PORTABLE ON-VEHICLE DYNAMOMETER

Description

TECHNICAL FIELD

The present invention finds application in the field of measuring instruments for vehicles and in particular relates to a portable on-vehicles dynamometer (POD) suitable to be coupled to an output shaft of a vehicle wheel for measuring the power transmitted by the engine.

STATE OF THE ART

Generally, engine performance testing is important in the development of engine and fuel technologies.

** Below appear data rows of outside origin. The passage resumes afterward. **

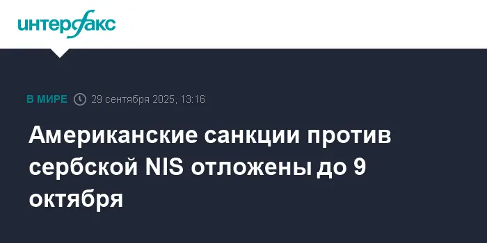 США приняли решение вновь отложить введение санкций в отношении ведущей сербской энергетической компании NIS, в которую входит и российский нефтяной гигант "Газпром нефть". Новая дата отсрочки назначена на 9 октября, что дает дополнительное время для поиска компромиссных решений и поддержания стабильности на энергетическом рынке региона.
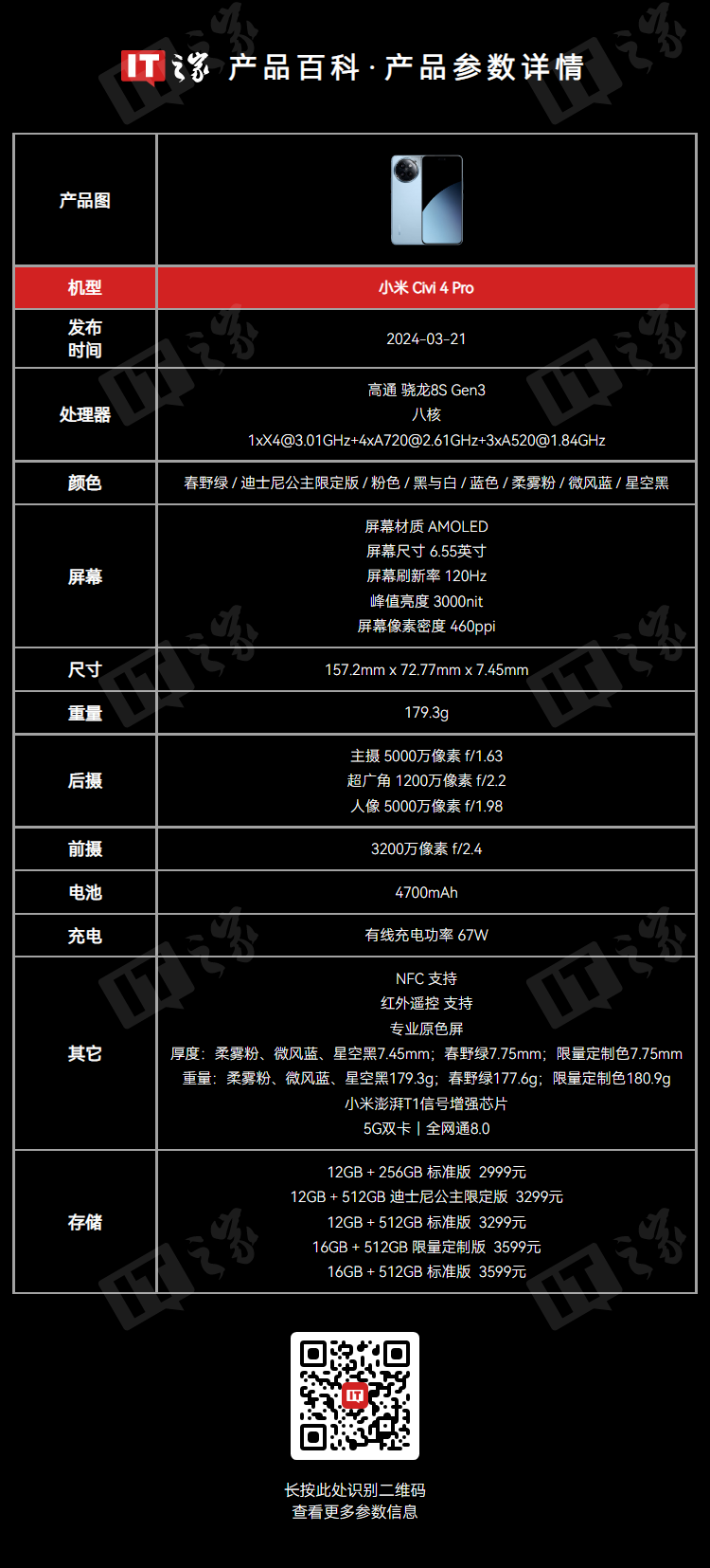 IT之家此前报道,今年 3 月小米 Civi 4 Pro 手机发布,该机首发骁龙 8s Gen3 处理器,后置徕卡三摄:50MP 主摄 + 12MP 超广角 + 50MP 人像长焦镜头。另外,该机今年 6 月还推出迪士尼公主限定版迪。
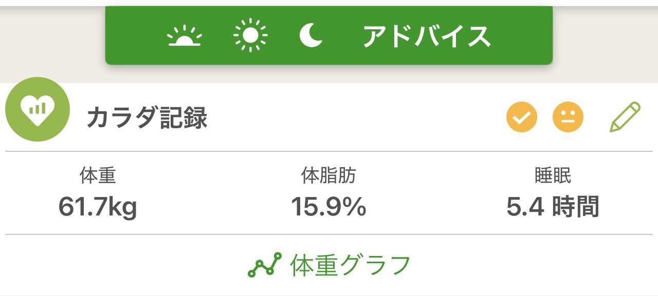 ■ 情報:本日の数値(体重・体脂肪・睡眠)
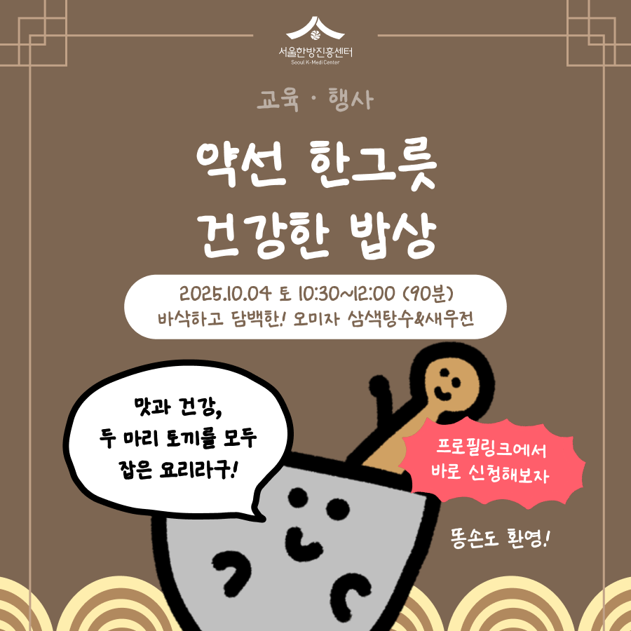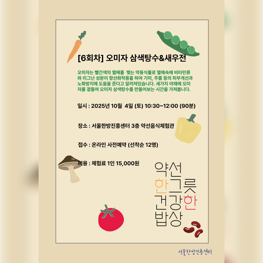 장소: 서울한방진흥센터 3층 약선음식체험관

An engine or motor is a machine designed to convert a form of energy into mechanical one. Heat engines convert heat into work through various thermodynamic processes. Electric motors convert electrical energy into mechanical motion, air motors use compressed air, and so on. Many parameters influence the performance of an engine: the basic design of the engine, speed, torque and power, compression ratio, valve timing, ignition timing, fuel (for internal combustion engines). Proper engine tuning requires accurate measurements of torque, speed, temperature and fuel consumption as a function of throttle position.

The use of dynamometers to measure the performance of an engine is known in the automotive sector.

Briefly, a dynamometer is an instrument suitable to measure simultaneously the torque and rotational speed (RPM) of an engine, so that its instantaneous power may be calculated and usually displayed as kW or CV.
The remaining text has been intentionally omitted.